Mixed species detection in the same specimen was another significant result of our study. Totally, 8 out of 261 samples (3.1%) in our study were co-isolated with more than 1 yeast species, among which 4 cases were C. albicans/C. glabrata mixed, 1 each C. albicans/C. tropicalis mixed and C. parapsilosis sensu stricto/C. metapsilosis mixed, and 2 cases of C. albicans /T. asahii co-isolated. Indeed, mixed yeast infections have been detected in 8.78% of the culture-positive samples in an extensive study of 6,192 clinical yeast isolates (Cassagne et al., 2016). Similarly, an 18-year report from a tertiary-care university hospital revealed the incidence of mixed fungaemia was 3.7% (33/883) (Gulmez et al., 2020). Most mixed species in our study were C. albicans/C. glabrata, in accordance with the above-mentioned studies. Several studies revealed that C. albicans and C. glabrata are frequently co-isolated and co-adhesion in vitro (Tati et al., 2016), demonstrating enhanced invasion and increased tissue damage (Silva et al., 2011; Alves et al., 2014), which probably can be explained for the high proportion of the co-culture of these two species. Of note, most specimens contained yeast isolates that were non-susceptible to one or more antifungals. Mixed infections may further bring additional issues for treatment, especially infected by more than one fungal species with different drug susceptibilities, which highlights that mycological analysis of clinical samples should also reliably detect mixed fungal species, especially those involving yeasts species with a particular antifungal resistance profile. A previous study suggested that detection of mixed infection increased significantly after subculture from yeast-positive blood-culture bottles and routine use of chromogenic agar (Gulmez et al., 2020).

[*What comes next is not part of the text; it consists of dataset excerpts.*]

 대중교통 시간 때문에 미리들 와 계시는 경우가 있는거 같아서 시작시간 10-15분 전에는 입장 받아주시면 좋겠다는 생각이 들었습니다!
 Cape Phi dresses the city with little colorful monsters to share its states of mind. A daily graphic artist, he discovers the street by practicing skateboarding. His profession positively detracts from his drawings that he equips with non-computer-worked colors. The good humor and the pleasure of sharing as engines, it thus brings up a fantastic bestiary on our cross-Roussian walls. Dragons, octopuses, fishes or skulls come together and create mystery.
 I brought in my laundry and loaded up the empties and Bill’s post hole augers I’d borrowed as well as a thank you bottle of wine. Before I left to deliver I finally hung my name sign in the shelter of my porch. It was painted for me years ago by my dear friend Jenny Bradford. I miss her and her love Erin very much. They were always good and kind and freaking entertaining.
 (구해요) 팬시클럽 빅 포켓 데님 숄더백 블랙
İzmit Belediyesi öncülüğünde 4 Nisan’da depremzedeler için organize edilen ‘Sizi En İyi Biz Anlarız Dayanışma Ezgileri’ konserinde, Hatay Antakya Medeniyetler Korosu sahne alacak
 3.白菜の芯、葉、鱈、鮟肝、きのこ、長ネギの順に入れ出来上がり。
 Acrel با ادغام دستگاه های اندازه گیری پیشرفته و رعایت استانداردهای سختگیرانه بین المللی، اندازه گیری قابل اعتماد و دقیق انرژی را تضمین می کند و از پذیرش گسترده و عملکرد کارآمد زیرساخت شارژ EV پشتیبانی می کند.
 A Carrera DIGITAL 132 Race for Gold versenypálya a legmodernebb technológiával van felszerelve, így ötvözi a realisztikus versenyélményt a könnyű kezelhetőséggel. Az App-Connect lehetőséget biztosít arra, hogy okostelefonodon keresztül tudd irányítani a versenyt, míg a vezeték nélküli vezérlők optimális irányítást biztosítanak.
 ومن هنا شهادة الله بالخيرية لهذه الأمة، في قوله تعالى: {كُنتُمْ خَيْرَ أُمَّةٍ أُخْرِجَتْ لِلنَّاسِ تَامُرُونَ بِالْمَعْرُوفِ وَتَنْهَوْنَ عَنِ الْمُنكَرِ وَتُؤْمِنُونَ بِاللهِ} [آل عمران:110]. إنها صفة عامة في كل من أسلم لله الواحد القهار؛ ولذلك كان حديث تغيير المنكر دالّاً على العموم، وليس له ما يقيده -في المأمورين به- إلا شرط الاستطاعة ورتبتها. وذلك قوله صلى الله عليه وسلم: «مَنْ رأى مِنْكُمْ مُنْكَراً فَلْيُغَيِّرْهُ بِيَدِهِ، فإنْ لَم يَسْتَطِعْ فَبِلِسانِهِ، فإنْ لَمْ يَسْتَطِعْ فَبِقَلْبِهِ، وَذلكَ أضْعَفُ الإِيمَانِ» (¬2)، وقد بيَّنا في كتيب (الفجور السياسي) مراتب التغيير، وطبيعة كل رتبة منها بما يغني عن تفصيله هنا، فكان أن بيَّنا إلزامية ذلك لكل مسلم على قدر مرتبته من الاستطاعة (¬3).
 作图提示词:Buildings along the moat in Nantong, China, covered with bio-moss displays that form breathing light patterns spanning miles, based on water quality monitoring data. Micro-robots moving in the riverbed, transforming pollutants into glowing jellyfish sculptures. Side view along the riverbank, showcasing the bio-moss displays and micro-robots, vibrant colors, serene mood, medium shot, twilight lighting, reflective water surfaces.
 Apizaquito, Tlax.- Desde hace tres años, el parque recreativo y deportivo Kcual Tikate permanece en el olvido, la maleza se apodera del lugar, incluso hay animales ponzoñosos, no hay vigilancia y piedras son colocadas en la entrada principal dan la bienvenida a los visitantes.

First-line drugs treating IFDs, including echinocandins and triazoles, are relatively effective, but the emergence of antifungal resistance is a matter of concern and poses a global threat (Pappas et al., 2018). In our study, most C. albicans and C. parapsilosis complex are susceptible to all the antifungals tested. Only 1 isolate (2.0%) of C. parapsilosis sensu stricto exhibited triazole-resistance, similar to the global (Pfaller et al., 2019) and domestic data (Wang et al., 2016; Xiao et al., 2018a; Song et al., 2020). The overall triazole-resistant rate of C. albicans was 11.6% (14/120), higher than the global data (<1%) (Pfaller et al., 2019). However, triazole susceptibility of C. tropicalis and C. glabrata was low, with only 42.5% (17/40) C. tropicalis and 30.5% (11/36) C. glabrata susceptible/WT to all tested triazoles. Of particular note, the POS-resistant rate of C. tropicalis isolates was 47.5% and the VRC-resistant rate of C. glabrata isolates was 55.6%, consistent with previous reports (Xiao et al., 2018a; Song et al., 2020) and much higher than that of past decade (Liu et al., 2014).

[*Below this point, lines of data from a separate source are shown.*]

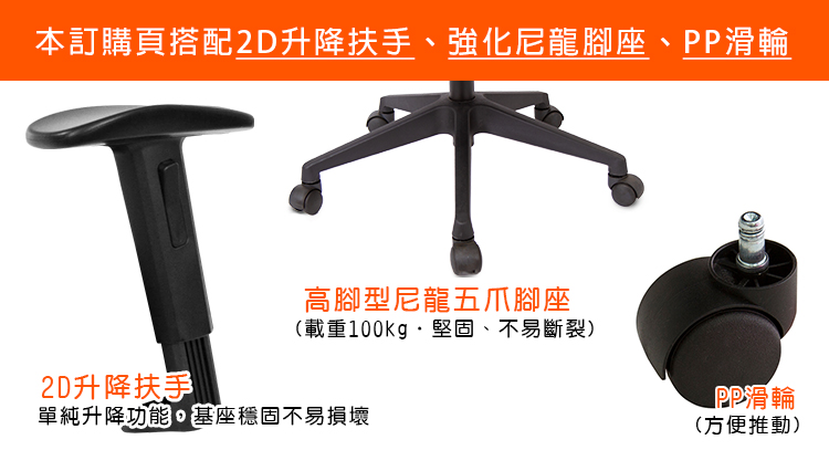 本訂購頁規格:2D升降扶手、尼龍高腳座、PP滑輪
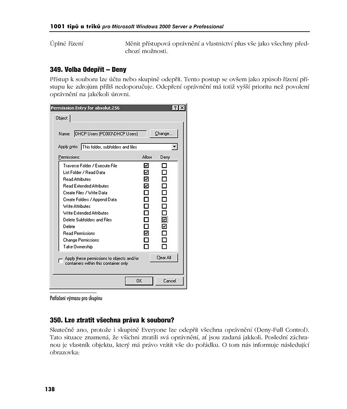 Kniha 1001 tipů a triků pro Microsoft Windows 2000 Server a Professional je výběrem toho nejcennějšího z know-how dvojice zkušených administrátorů, odborných konzultantů a autorů řady publikací. Představuje plejádu užitečných a většině správců utajených možností a předkládá řešení palčivých problémů, které správce sítí s Windows 2000 nejčastěji tíží. Nevyhýbá se problematickým aspektům chování systému a jeho potenciálním dírám, ukazuje, co s v něm děje a odpovídá na často kladené i nevyslovované otázky.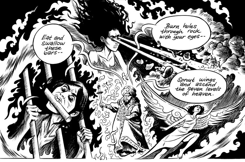 It's just too bad. This book is conceived in a truly spectacular way, and visually, it succeeds and succeeds and succeeds. Even at its most whimsical and farflung, the stories of the prophets and the references to mysticism thread elegantly through the narrative. Thompson has a knack for portraying themes through symbolism in an elaborate, poignant manner.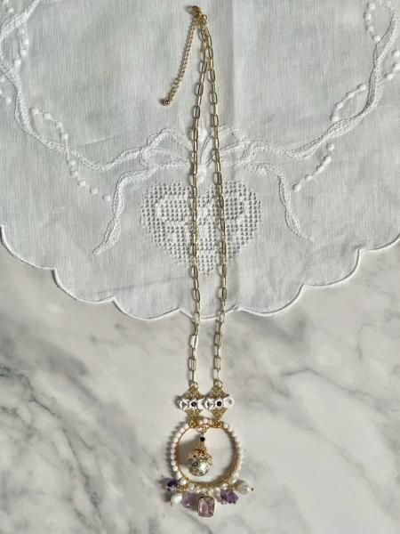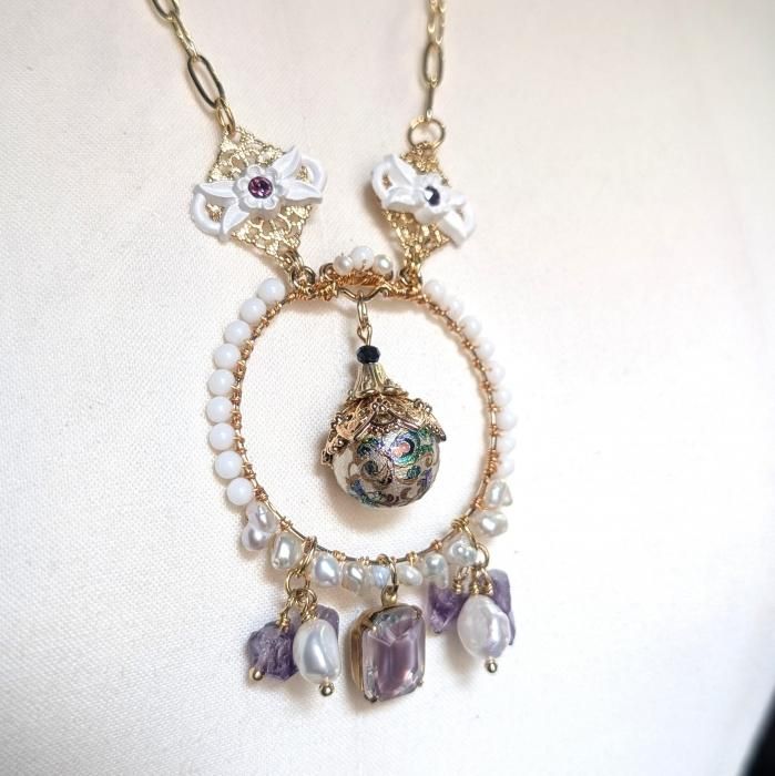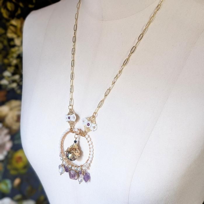 ◇空中庭園 ネックレス◇ 落ち着いたパープルが基調のネックレス フープの中央でゆらゆらと揺れるモチーフが印象的 サイズ・素材 長さ約57cm 素材:ガラス、真鍮、淡水パール、アメジスト、プラスチック、アマゾナイト、ステンレスなど 留め具のみステンレス素材です 中央のフープの裾の四角いガラスと透かしパーツの上の白いプラパーツはヴィンテージ素材です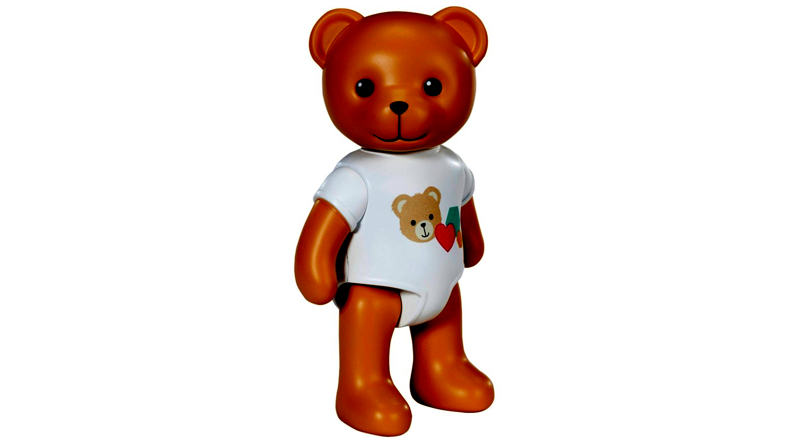 • A karakteres, „személyiséggel” rendelkező figurák – mint ez a mosolygós maci – ösztönzik a beszédfejlődést, hiszen a gyerekek gyakran „beszélgetni” kezdenek velük.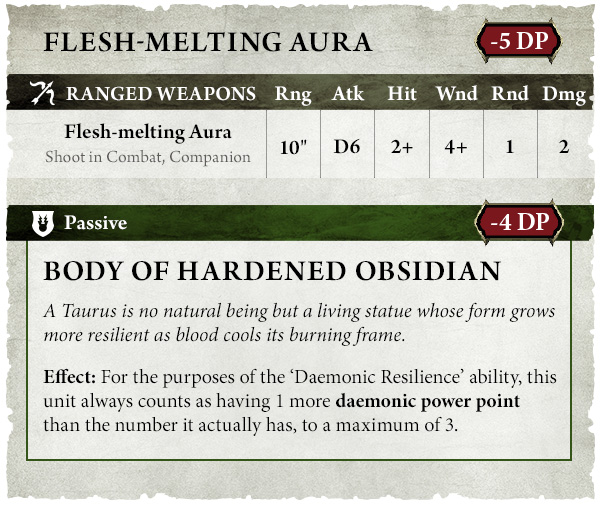 Cualquier líder de los Helsmiths que se precie podrá elegir entre las estatuas de Tauro que vigilan los zigurats, y podemos elegir entre un Tauro Infernal por 14 puntos de destino o un Tauro Venerable con más salud por 18. Nos conformaremos con el Tauro Infernal, que nos proporciona la Resiliencia Daemonic que se encuentra en la versión original del warscroll.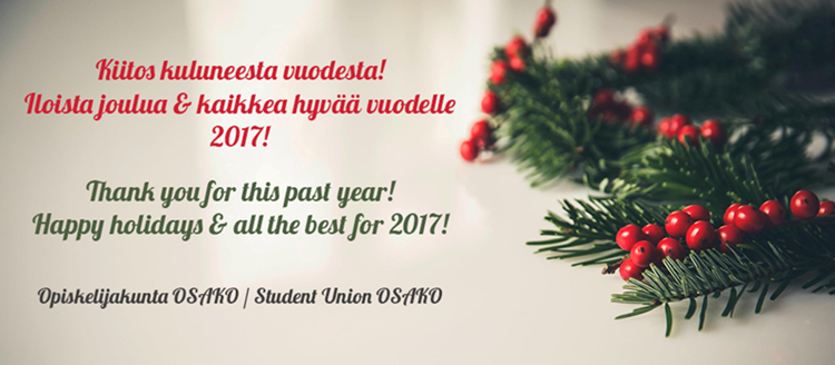 Opiskelijakunta OSAKO toivottaa hyvää joulua // Season's greetings from Student Union OSAKO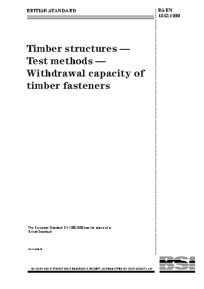 Timber structures. Test methods. Withdrawal capacity of timber fasteners

Another noteworthy finding of our study was the emergence of echinocandin resistance, although exhibiting excellent activity to most common Candida isolates. Two isolates of C. glabrata were cross-resistant to all the echinocandins tested, which also NWT to POS and defined as multidrug-resistant. Echinocandin-resistance among C. glabrata isolates ranges from 3–5% in population-based studies, and some centers even report as high as 10–15% (Farmakiotis et al., 2014), but it is less than 1% in China (Hou et al., 2017). Alarmingly, C. glabrata often presents as multidrug-resistance, with nearly one-third of echinocandin-resistant isolates also being non-susceptible to triazoles, leaving extremely few options to treat patients infected with multidrug-resistant isolates (Healey and Perlin, 2018). Emerging of multidrug-resistance is a significant threat to the treatment of IFD and urges our research group to explore the resistance mechanism of the C. glabrata isolates, demonstrating mutations in FKS2 explaining echinocandin-resistance and overexpression of CDR1 and ERG11 contributing to triazole-resistance (Wang et al., 2021).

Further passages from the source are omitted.